Book Review

John Taylor Gatto: The Underground History of American Education: a schoolteacher’s intimate investigation into the prison of modern schooling

By: Thomas Lowe

May 30, 2005

In March of 1991, a middle-aged school teacher penned a letter to the Wall Street Journal, entitled “I Quit, I Think” which the newspaper duly published in July, shortly after he quit. In his letter to the editor, John Taylor Gatto, a 30-year veteran of the New York City School system, recently named New York Teacher of the Year, declared the entire forced schooling project in America to be an institution designed to “kill the family by monopolizing the best times of childhood and by teaching disrespect for home and parents.” Further, he stated that schools are predicated on the bell curve “along which talent supposedly apportions itself by some Iron Law of Biology,” and which amounted to a religion to which teachers offered rituals to keep heresy at bay.

Invitations to speak flooded in from all over the nation in response, propelling Gatto to national prominence in the debate over schools. His first book, Dumbing Us Down, written shortly after he left the teaching profession, was his next shot over the bow of compulsory schooling.
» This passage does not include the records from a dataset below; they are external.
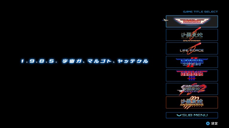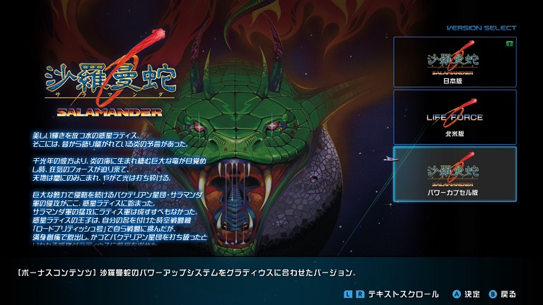 パワーカプセル版が出現。沙羅曼蛇のパワーアップって、オプションならオプションのパワーアップを取るタイプ。グラディウスは共通のパワーカプセルを取ると、画面下のリストがひとつ進むので好きなところでパワーアップする仕組み。パワーカプセル版の沙羅曼蛇は、文字通りパワーカプセルでパワーアップするばーじょんです。これって、ファミコン版沙羅曼蛇がこのシステムだったのよねえ。とりあえず、いろんなバージョンが含まれてますが、目玉は新作の「沙羅曼蛇V」ですかね。
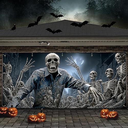 Halloween arazzo Copertura per porta del garage Grande appeso Costumi scheletro Stampa 3D Gotico punk oscuro Da serata All'aperto Sfondi di ripresa Yarda Casa infestata Arredamento per la casa
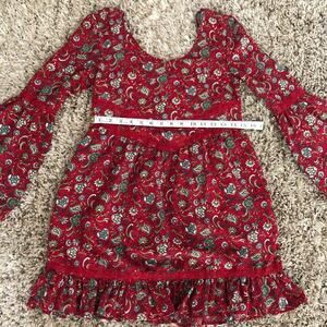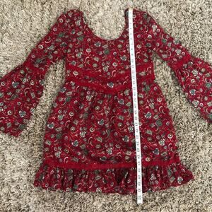 Band of Gypsies Red Lace Bell sleeves Mini Dress Size XSmall. Bohemian floral print. Tie back. Sips over head. 100% Polyester. Please see the photos for measurements. Thank you so much for looking!!

The recently-published Underground History of American Education: a schoolteacher’s intimate investigation into the prison of modern schooling, grows out of his research and thought since that time.

Several months ago, this writer discovered Gatto’s web site on the way to something else and read the entire Underground History chapter by chapter as Gatto posted a new chapter each week.

To say that reading the book changed my point of view grossly understates the effect it made upon me; it brought into sharp focus vague and unarticulated ideas and suspicions that I had harbored for many years. It explained much that was previously inexplicable. It made sense of what appeared nonsensical. Most of all, it stripped the cover off a carefully-constructed academic con game that has persisted for more than 100 years without significant opposition from the people most affected: the American public.

It is difficult to briefly describe the book. It has the cadence of a Mahler symphony, vast in scope, replete with digressions and detours, illustrated with moving personal anecdotes. There is hardly a question concerning the human condition that Gatto does not touch upon somewhere within its 392 oversize pages: Who are we? What is important? How should we live? What kind of government and society should we have? How should our children be educated? Who should decide what our children should learn? He confronts Plato, Aristotle, Horace Mann, Frederick Taylor, John Dewey, and a host of lesser-known but highly influential educational thinkers who took Sparta, with its strictly regimented society, rather than the freedom-loving polis of Athens, to be the ideal model of social organization. He points out that the modern compulsory system of education has become a totalitarian system, like that of Sparta; every aspect of it has been engineered by academic and financial elites to suit their own interests and no child may escape. It is the modern version of making a peasant, traditionally said to require 500 years of servitude and oppression. In Orwell's dystopia, 1984, the system turned the common people into proles, in Huxley's Brave New World, into deltas.

In the United States, citizens have been transformed into consumers.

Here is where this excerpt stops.